> **YOUR TASK**: Your answer should consist only of the lines below from the one with "İhbar üzerine, olay" through the one with "Headsets for children", copied exactly.

> **RECORDS SHOWN**:
***

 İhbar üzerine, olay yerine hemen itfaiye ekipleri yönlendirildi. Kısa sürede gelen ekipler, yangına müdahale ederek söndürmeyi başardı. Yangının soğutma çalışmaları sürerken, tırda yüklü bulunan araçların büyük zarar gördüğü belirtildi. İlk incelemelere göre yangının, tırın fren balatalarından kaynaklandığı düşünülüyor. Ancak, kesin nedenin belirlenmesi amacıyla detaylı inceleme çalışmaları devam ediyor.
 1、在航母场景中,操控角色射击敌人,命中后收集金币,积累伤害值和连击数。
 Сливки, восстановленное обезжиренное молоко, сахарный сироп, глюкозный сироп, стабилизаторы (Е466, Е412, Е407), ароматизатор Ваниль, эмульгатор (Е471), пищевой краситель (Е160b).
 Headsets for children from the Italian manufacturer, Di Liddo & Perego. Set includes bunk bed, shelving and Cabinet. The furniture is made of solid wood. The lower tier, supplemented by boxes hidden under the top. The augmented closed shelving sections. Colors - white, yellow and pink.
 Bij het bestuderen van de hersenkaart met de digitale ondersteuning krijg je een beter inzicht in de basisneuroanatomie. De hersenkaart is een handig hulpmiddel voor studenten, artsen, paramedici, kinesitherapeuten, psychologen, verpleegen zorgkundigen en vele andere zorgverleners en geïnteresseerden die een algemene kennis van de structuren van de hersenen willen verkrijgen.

***

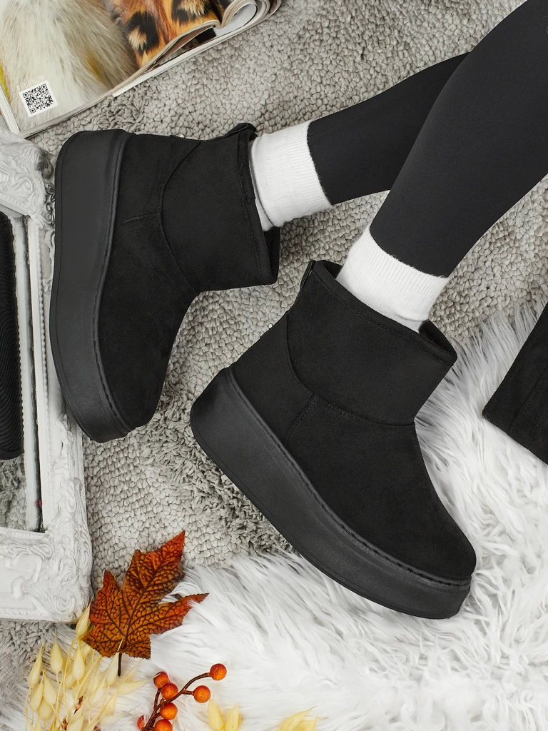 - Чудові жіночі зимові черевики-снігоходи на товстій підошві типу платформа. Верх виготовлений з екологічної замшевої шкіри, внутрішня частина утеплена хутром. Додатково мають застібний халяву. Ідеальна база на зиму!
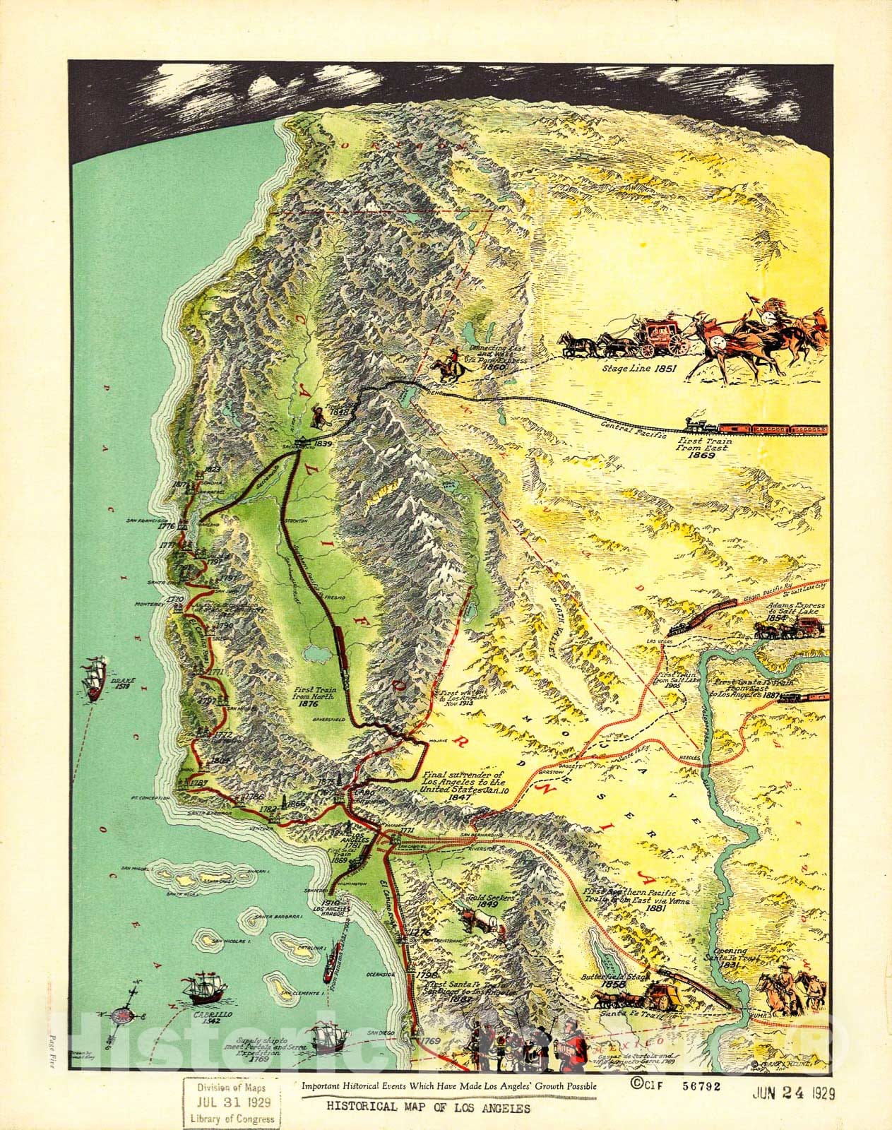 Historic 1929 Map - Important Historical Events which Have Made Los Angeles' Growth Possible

***

> **ANSWER**:
 İhbar üzerine, olay yerine hemen itfaiye ekipleri yönlendirildi. Kısa sürede gelen ekipler, yangına müdahale ederek söndürmeyi başardı. Yangının soğutma çalışmaları sürerken, tırda yüklü bulunan araçların büyük zarar gördüğü belirtildi. İlk incelemelere göre yangının, tırın fren balatalarından kaynaklandığı düşünülüyor. Ancak, kesin nedenin belirlenmesi amacıyla detaylı inceleme çalışmaları devam ediyor.
 1、在航母场景中,操控角色射击敌人,命中后收集金币,积累伤害值和连击数。
 Сливки, восстановленное обезжиренное молоко, сахарный сироп, глюкозный сироп, стабилизаторы (Е466, Е412, Е407), ароматизатор Ваниль, эмульгатор (Е471), пищевой краситель (Е160b).
 Headsets for children from the Italian manufacturer, Di Liddo & Perego. Set includes bunk bed, shelving and Cabinet. The furniture is made of solid wood. The lower tier, supplemented by boxes hidden under the top. The augmented closed shelving sections. Colors - white, yellow and pink.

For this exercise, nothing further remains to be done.